After the searching and soaring licks of Chicken Shit Northsyde stepped in to the deep and threatening vibe of Mr Sista Bitch, Jules’s jagged edged riffs more than matched by Lorna’s gutteral venemous howl of a vocal. Northside followed hot on its angry heels and was another deep swathe of sound, Jules with the slide bottle donned scorching the frets of his Les Paul and Lorna sending out a rasping soul riven vocal. When the lady is going at it full tilt she carries the threat of a predatory Leopard, the black spots replaced here by the eye catching tattoos that adorn Lorna’s arm and back.
Phil Collins calling card In The Air was given a thorough working over, I can hardly begin to describe how this classic sounded all funked up, the baclkine carving out a massive groove, Fothergill heavy duty on the guitar slaps and clipped riff and Lorna holding the voice on a itght leash.
If that nearly bought the house down the monumentally funky rendition of Stevie Wonder’s I Wish completed the job, this was hot, hot, scolding hot. Another trench deep groove carved out by Doyle and Mauricio, Jules hittting the limiter as the funk splintered off the guitar and Lorna once more pouring out a rich velvetty and deep vocal and as the paced picked up, sheer genius to segue in the licks of Ram Jam’s Black Betty and some lines from Chic. Stevie Wonder and Nile Rodgers would approve.
Brand new haunting heat seeking Dying Light was the one time the band eased off the gas and revealed some Blues roots, slow burning embers flickered and fell from the Les Paul, the rhythm section locking it all down and Fothergill prowling with menace as the lyric spilled out.
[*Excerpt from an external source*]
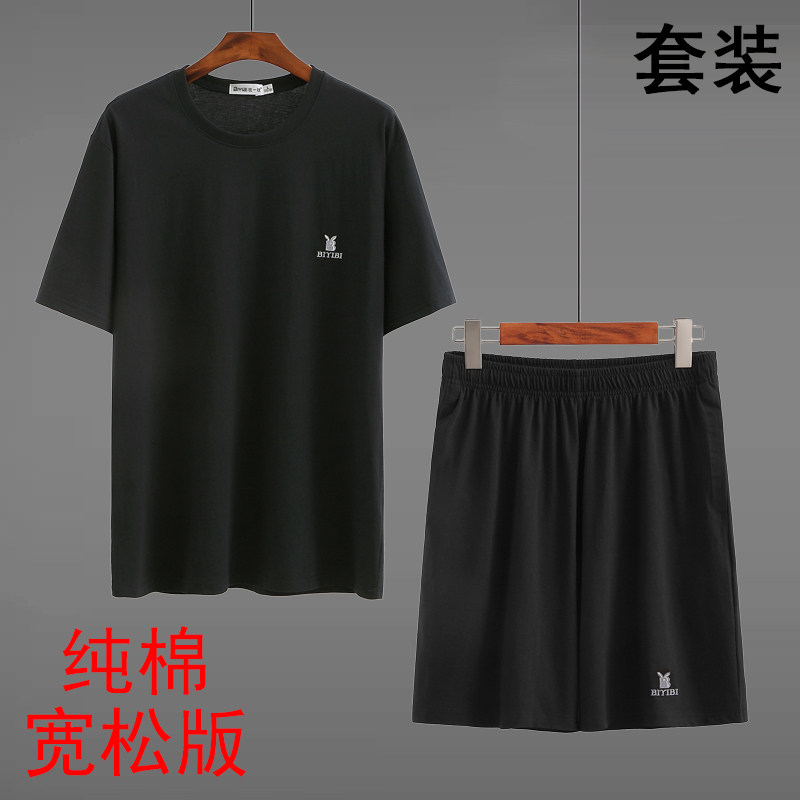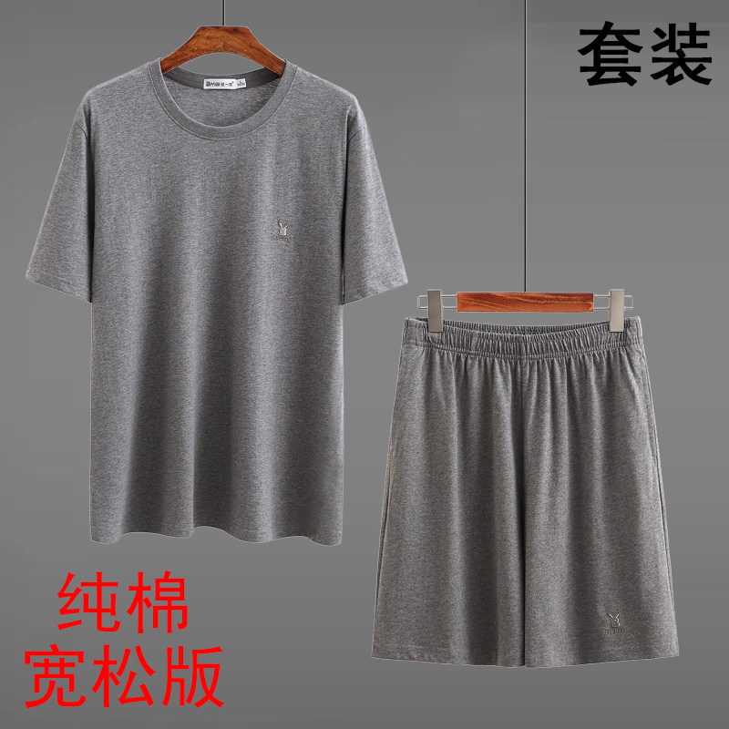 中年男装休闲运动套装夏季爸爸装中老年纯棉大码父亲节衣服两件套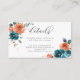 Blommigten för Teal Burnt Orange Bouquets Bröllop-detaljkopplingskort. Blommigt bröllop-detaljkort med handmålade vattenfärger i färgnyanser av teal grönt och bränd orange med modernt kalligrafi-skript. Fullständigt anpassade bröllop-informationskort. Lägg till uppgifter om bröllop, ändra typsnitt, placera blommorna och färg framför och bakom kortet.

The atmosphere was red hot and really intense now and to close the set the guys invited back Jane and Alex, cajoling them to join in on a massive jam that sprawled in to Jazz, Blues, Funk, Soul and Rock territory in equal measure. Jules and Alex trading six string licks, Jane and Lorna trading viper like vocals. The audience reaction as the sound was cut ‘wild!’
A thundering ripped up Whipping Post was an apt encore for Northsyde, a band that are almost indescribable but I have tried my best.
This one really will live long in the memory, thank you Red Butler, thank you Northsyde.